DATA PROVIDED -
━━━
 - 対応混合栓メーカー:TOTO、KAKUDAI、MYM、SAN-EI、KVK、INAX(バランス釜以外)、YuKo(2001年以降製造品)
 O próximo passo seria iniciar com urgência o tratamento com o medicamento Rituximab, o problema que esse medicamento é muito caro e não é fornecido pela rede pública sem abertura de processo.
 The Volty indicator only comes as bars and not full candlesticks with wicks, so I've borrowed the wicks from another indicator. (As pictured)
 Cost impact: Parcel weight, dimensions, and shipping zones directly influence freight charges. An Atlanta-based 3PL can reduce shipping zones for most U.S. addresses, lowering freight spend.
━━━
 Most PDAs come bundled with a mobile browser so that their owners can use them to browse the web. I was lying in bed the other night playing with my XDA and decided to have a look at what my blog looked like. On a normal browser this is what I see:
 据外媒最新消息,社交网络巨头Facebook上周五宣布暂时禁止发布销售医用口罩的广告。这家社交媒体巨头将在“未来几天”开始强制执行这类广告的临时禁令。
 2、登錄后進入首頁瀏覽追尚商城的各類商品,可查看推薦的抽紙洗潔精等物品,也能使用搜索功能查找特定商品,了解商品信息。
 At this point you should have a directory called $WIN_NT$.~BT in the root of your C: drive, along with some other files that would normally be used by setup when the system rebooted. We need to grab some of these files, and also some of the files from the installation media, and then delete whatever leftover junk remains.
━━━
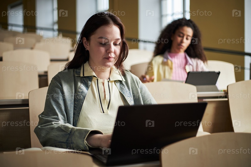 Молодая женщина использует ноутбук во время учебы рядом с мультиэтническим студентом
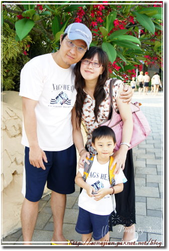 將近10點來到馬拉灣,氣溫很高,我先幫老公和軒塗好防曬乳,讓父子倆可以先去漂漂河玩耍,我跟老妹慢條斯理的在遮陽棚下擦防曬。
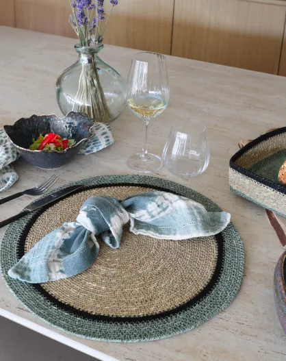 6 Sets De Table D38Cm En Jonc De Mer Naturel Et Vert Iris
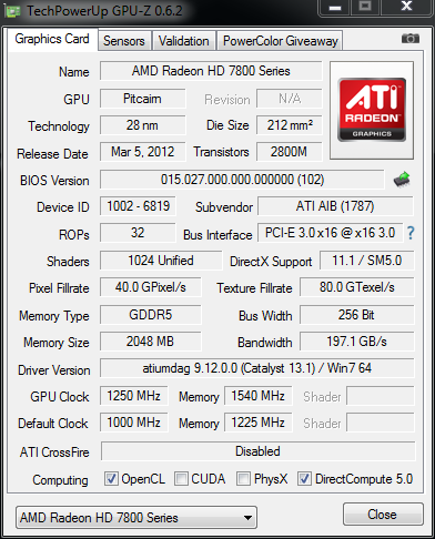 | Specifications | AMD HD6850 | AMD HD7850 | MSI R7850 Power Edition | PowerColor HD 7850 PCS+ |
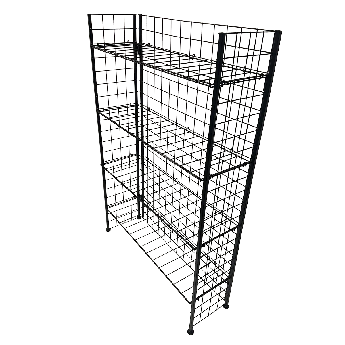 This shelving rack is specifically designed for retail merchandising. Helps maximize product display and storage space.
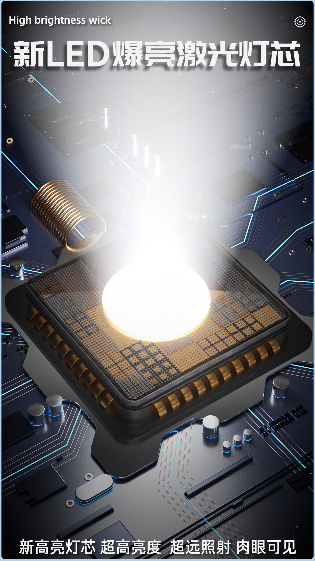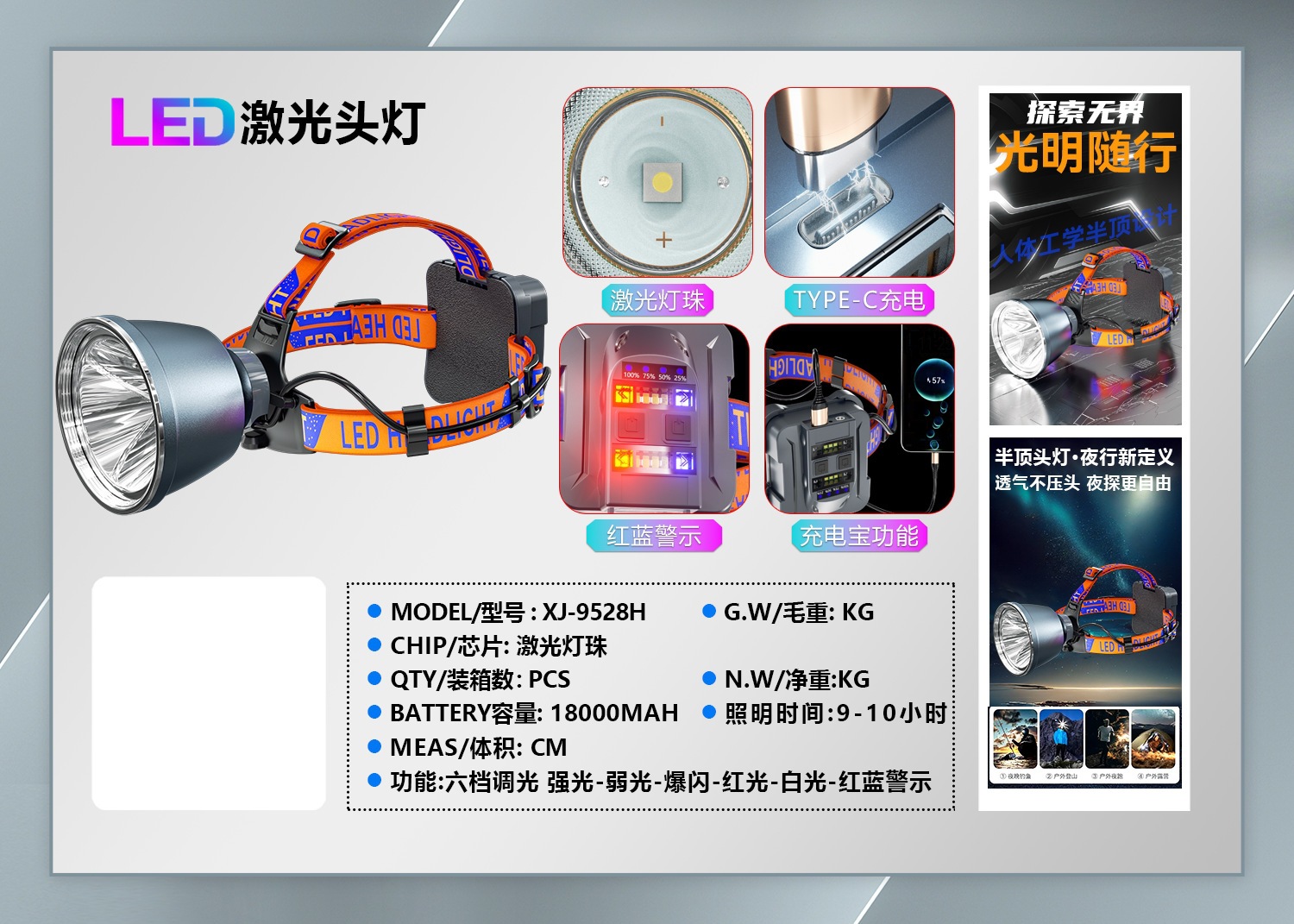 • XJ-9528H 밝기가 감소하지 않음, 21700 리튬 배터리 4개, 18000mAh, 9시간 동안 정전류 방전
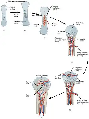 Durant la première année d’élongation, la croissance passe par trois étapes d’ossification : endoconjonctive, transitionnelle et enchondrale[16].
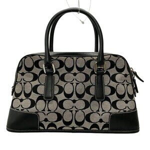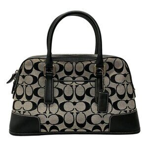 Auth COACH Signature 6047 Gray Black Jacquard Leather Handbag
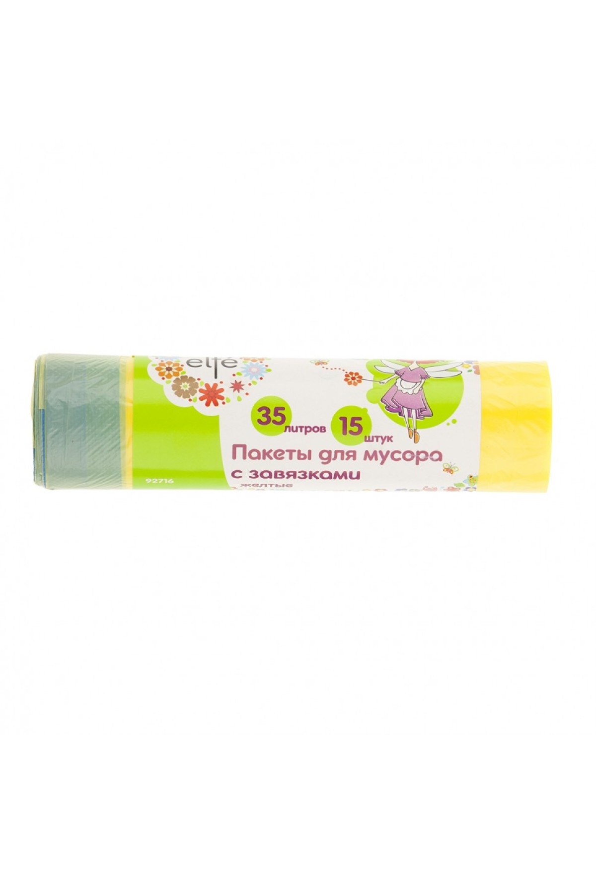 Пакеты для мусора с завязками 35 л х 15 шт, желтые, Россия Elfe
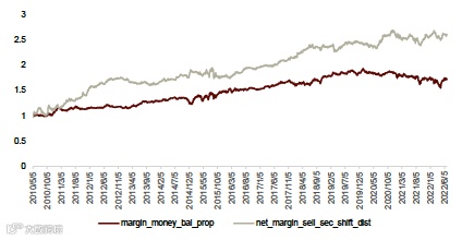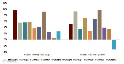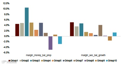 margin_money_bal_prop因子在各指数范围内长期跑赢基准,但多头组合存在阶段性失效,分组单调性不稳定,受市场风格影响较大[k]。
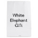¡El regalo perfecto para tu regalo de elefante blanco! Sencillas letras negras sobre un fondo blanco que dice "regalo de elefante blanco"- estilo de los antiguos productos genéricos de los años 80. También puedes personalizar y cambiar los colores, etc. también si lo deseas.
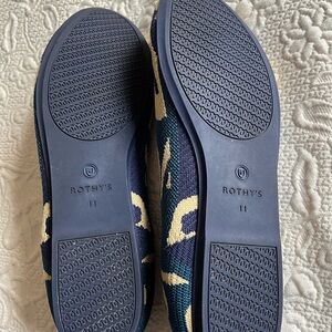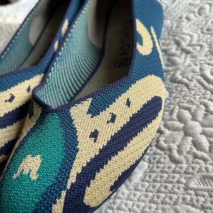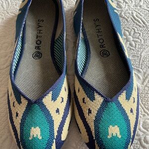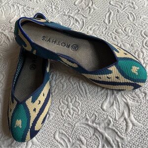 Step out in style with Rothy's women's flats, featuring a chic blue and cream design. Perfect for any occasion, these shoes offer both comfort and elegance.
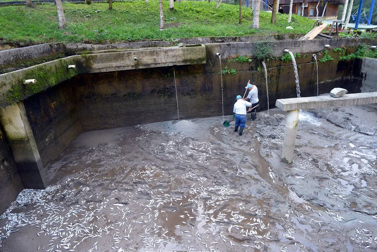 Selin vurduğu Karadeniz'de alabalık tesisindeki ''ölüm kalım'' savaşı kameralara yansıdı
━━━
EXERCISE DETAILS - From the listing above, please give again the lines that begin with the line holding "Молодая женщина использует" and go on through the line holding "margin_money_b", exactly, both ends included, minus any picture.

RESULT OF THIS EXERCISE -
 Молодая женщина использует ноутбук во время учебы рядом с мультиэтническим студентом
 將近10點來到馬拉灣,氣溫很高,我先幫老公和軒塗好防曬乳,讓父子倆可以先去漂漂河玩耍,我跟老妹慢條斯理的在遮陽棚下擦防曬。
 6 Sets De Table D38Cm En Jonc De Mer Naturel Et Vert Iris
 | Specifications | AMD HD6850 | AMD HD7850 | MSI R7850 Power Edition | PowerColor HD 7850 PCS+ |
 This shelving rack is specifically designed for retail merchandising. Helps maximize product display and storage space.
 • XJ-9528H 밝기가 감소하지 않음, 21700 리튬 배터리 4개, 18000mAh, 9시간 동안 정전류 방전
 Durant la première année d’élongation, la croissance passe par trois étapes d’ossification : endoconjonctive, transitionnelle et enchondrale[16].
 Auth COACH Signature 6047 Gray Black Jacquard Leather Handbag
 Пакеты для мусора с завязками 35 л х 15 шт, желтые, Россия Elfe
 margin_money_bal_prop因子在各指数范围内长期跑赢基准,但多头组合存在阶段性失效,分组单调性不稳定,受市场风格影响较大[k]。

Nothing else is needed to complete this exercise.